In coordinate geometry, find the reflection of the point (5, −2) across the horizontal line y = −1, and give the coordinates of the reflected point.

Introduction / Context:
This problem tests understanding of reflections in coordinate geometry, specifically reflection across a horizontal line. When a point is reflected across a horizontal line y = k, its x coordinate stays the same, while its y coordinate is mirrored with respect to k. Being able to compute such reflections quickly is important in geometry, transformations, and graphical reasoning questions.

Given Data / Assumptions:

• The original point is P(5, −2).
• The line of reflection is the horizontal line y = −1.
• We need to find the coordinates of the reflected point P' after reflection in this line.
• The coordinate system is the standard Cartesian plane.

Concept / Approach:
When reflecting a point across a horizontal line y = k, the x coordinate does not change because the reflection is vertical. The y coordinate transforms according to a simple formula: if the original y coordinate is y, then the reflected y coordinate y' is given by y' = 2k − y. This formula captures the idea that the line y = k is exactly halfway between the point and its reflection. Applying this rule with k = −1 and y = −2 will give the new y coordinate directly.

Step-by-Step Solution:
1) Identify k from the line y = k. Here k = −1. 2) For the point P(5, −2), the x coordinate is x = 5 and the y coordinate is y = −2. 3) Under reflection across y = −1, the x coordinate remains unchanged, so x' = 5. 4) Compute the reflected y coordinate using y' = 2k − y. 5) Substitute k = −1 and y = −2: y' = 2(−1) − (−2) = −2 + 2 = 0. 6) Therefore the reflected point is P'(5, 0).

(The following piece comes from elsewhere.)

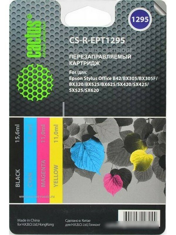 Картридж струйный Cactus CS-EPT1295 T1295 черный/голубой/желтый/пурпурный набор (45мл) для Epson Stylus Office B42/BX305/BX305F/BX320/BX525/BX625/SX420/SX425/SX525/SX620

Verification / Alternative check:
You can check the result geometrically by measuring vertical distances. The line y = −1 lies between y = −2 and y = 0. The distance from y = −2 up to y = −1 is 1 unit. The distance from y = −1 up to y = 0 is also 1 unit. Since the line of reflection should be the perpendicular bisector of the segment joining a point and its reflection, having equal distances on both sides confirms that (5, 0) is the correct reflected point of (5, −2) across y = −1.

Why Other Options Are Wrong:
Option b (−5, 0) changes the x coordinate, which should stay the same in reflection across a horizontal line. Options c (−7, −2) and d (−7, 2) modify both coordinates and do not preserve vertical alignment with the original point. Option e (5, −4) flips the point in the wrong direction, moving it further down away from y = −1 instead of above it. Only option a, (5, 0), maintains the correct x coordinate and symmetry about the line y = −1.

Common Pitfalls:
A frequent mistake is to confuse reflection across a horizontal line with reflection across a vertical line, leading to changes in x instead of y. Some learners also mis calculate the distance when the line has a negative y value, forgetting that the formula y' = 2k − y works uniformly for all real k. Drawing a quick sketch of the point and the line or imagining the vertical distances on the y axis helps avoid these errors.

Final Answer:
The reflection of the point (5, −2) in the line y = −1 is the point (5, 0).